卷首语
“革命者光明磊落、视死如归,只有站着死,绝不跪下!”
——陈延年
背景简介
1927年“四一二”反革命政变爆发后,中共中央于危局中紧急巩固上海革命中枢。国共合作破裂的腥风血雨里,兼具军事谋略与国际视野的特派力量迅速集结,依托江浙皖三省的革命脉络,在思想启蒙与斗争实践中继续奋斗。这座自1921年建党之初便担起南北呼应的红色堡垒,既有《国际歌》译介激荡的思想觉醒,亦存五卅怒潮锻造的工人铁军,更凝结着先进青年革命的星火传承。上海党组织以工人抗争为轴心,保存火种、积蓄力量,为日后革命浪潮的再度奔涌埋下伏笔。

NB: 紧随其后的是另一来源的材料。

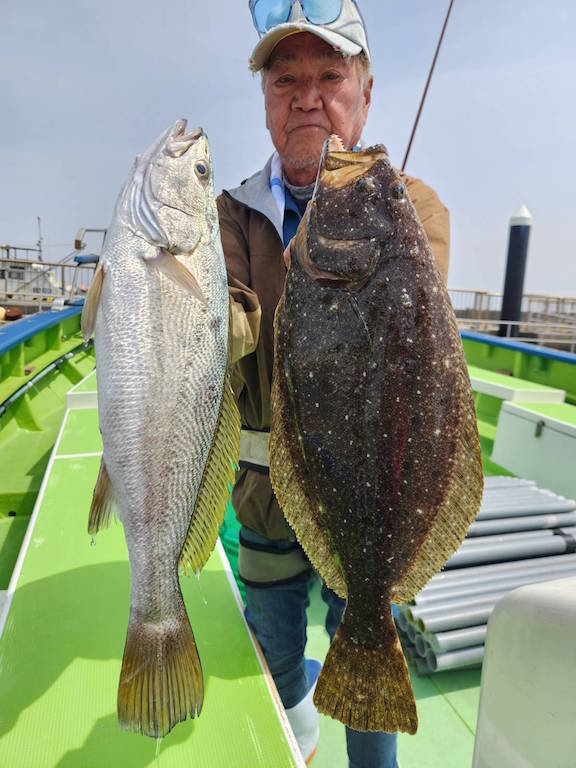 カワハギ 16~27cm 0~8匹 ショウサイフグ イシダイ 今日は最高のベタ凪釣行でした。 私はご指名いただき仕立船を 担当させて頂きました! ほぼビギナー様チームで ベタ凪だったのでクルージングも 楽しめました。 数はなかなか伸びませんでしたが 大型も顔を出してくれて 27.0cm、26.5cm、26.0cmと 分厚く肝パンハギをゲット! また水温が上がってしまったこともあり 生体反応は非常に多く 特にキタマクラは大量発生。 乗合船の方では2キロほどのマダイをゲット。 ただ砂地のポイントは 全く生体反応なく エサも残ってくる状態。 潮流れが止まってくると 我慢の時間帯に。 カワハギプロフェッショナルチームだと 色々に引き出しがあり アタリを出すことができるのかもしれませんが ビギナー様チームだったので アタリがないとポカポカ陽気で アクビが止まらなくなってしまうので 大きくポイント変更! すると潮も早いくらい流れていて 生体反応も発見。 それまでキタマクラパーティだった お客様もしれっと26.5cmをゲット。 レクチャーの際に 「とにかくバレるので魚はすぐに船に取り込んでください!」 と言ったのを皆さん実践してくれて 取り込みも豪快!!!!!! 取り込んでからカワハギのサイズを確認して 「え、でか!!!!!!」 なんて言ってました。 そんなこんなで終了時間を迎えました。 飛び抜けた枚数とはなりませんでしたが 1日ワイワイ楽しめました。 明日も頑張りましょう! ありがとうございます。水色澄み。

布衣挽车,赤心破障。沪粤烽烟里,青年先锋褪去长衫执车辕,于壁垒中叩开工农大门。陈延年以躬身之姿诠释劳工神圣,在港报讥讽声里高扬信仰旌旗。省港罢工十六月的炽焰,熔铸出国际工运史的东方丰碑;五千工农入党的星火,照亮珠江畔的觉醒长夜。携卷跨洋的陈氏兄弟踏浪西行,在颠簸邮轮上批注代表新思想的典籍,而他们早已将“舍身许国”的赤子情怀熔铸骨髓。作为新时代青年,我们需承继“挽车不问荣辱”的纯粹,亦要锻造“方言即战壕”的智慧。青年之志既要深植云端理想,更须俯身触摸大地纹路,在新时代续写布衣赤心的壮阔史诗。

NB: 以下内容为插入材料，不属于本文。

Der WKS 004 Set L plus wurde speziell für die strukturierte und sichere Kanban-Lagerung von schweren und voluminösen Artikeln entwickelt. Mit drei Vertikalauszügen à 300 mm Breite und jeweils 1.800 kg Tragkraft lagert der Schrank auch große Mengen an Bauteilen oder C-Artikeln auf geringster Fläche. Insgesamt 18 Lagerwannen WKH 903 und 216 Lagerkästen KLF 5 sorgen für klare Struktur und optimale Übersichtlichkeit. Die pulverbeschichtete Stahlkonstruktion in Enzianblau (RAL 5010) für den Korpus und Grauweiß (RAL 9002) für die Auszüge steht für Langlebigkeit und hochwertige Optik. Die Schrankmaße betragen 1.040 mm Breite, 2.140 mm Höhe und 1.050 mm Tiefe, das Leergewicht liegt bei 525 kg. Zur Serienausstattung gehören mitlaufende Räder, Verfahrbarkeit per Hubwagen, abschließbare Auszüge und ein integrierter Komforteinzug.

商韵声声,一起学习。让我们一起,聆听英雄故事,奏响奋进凯歌。
朗读者介绍
王晨悦,2024级专业工商管理5班优秀团员
朗读选段
我们来看陈延年吧——
这位当时年仅28岁的中共上海地区领导,之前接替周恩来任广东区委书记。
在广东,由于陈延年一开始不会讲广东话,接近工人和农民有些困难。于是他努力在语言上攻克难关,并积极投身到工人中去,经常与人力车夫一起躬着身子拉车。当时的香港《工商日报》为了诋毁共产党人,曾就此事发过新闻,讥笑共产党的干部当“车夫”。陈延年知道后,不仅没生气,反而非常高兴,他对身边的革命同志说,共产党人当车夫,这不是耻辱,而是十分光荣的事,因为我们是劳动人民的政党,这有什么不好呢?
他很快打开局面,在不到两年内,发展党员人数从过去的几百人,猛增到五千多人,仅此就很能说明陈延年的工作能力。
在上海爆发五卅运动时,广东声援上海的省港大罢工历时16个月,是中国工人运动乃至国际工人运动中的辉煌篇章,而这正是陈延年与其他革命者一起领导的结果。
陈延年及弟弟陈乔年,在短短的二十几年人生里,几乎没有沾过父亲的一点“荣光”,相反,伴随他们的常常是无尽的艰苦和一次次的危险……
陈延年和弟弟陈乔年从小都在老家安徽安庆生活。1915年父亲从日本回国后,全家人才搬到上海,居住在法租界嵩山路吉谊里21号一幢砖木结构的小楼里。那个时候,陈独秀的生活并不好过,其妻高君曼患病严重,身边又有两个十来岁的儿子,最主要的是陈独秀很不“安分”,一心忙着办杂志,可又没钱,虽然有朋友帮忙,但全家生活仍十分艰难。这一年,由陈独秀主编的《新青年》横空出世,给中国革命带来无限光明,可对陈家来说,陈延年只能带着弟弟一边上学,一边打工以维持生计和交学费,常常处在饥饿状态,而且他们还要照顾有病的母亲。但即便如此,陈延年仍然如饥似渴地阅读着各类新书刊,包括父亲编的《新青年》。父亲陈独秀在家里也很有些家长式的霸道,儿子们既怕他,又有些恨他,但“老子”的文章却又被儿子偷偷地喜欢。比如《新青年》上的创刊词,“青年如初春,如朝阳,如百卉之萌动,如利刃之新发于硎,人生最可宝贵之时期也”云云,陈延年读得热血沸腾。因为喜欢法文,陈延年的法文功底很好,于是在五四运动之后,留法勤工俭学浪潮在全国迅速掀起之时,陈延年把自己的想法告诉了父亲。陈独秀马上答应:“好啊,这个我非常支持!”正在帮助一批批青年干部去欧洲深造的陈独秀,对儿子的想法十分支持,并且在陈延年提出带弟弟一起去时他略深思了一下,便点点头:“也好,你们一起去、一起回,相互有个照应,留在我身边反而不是良策……”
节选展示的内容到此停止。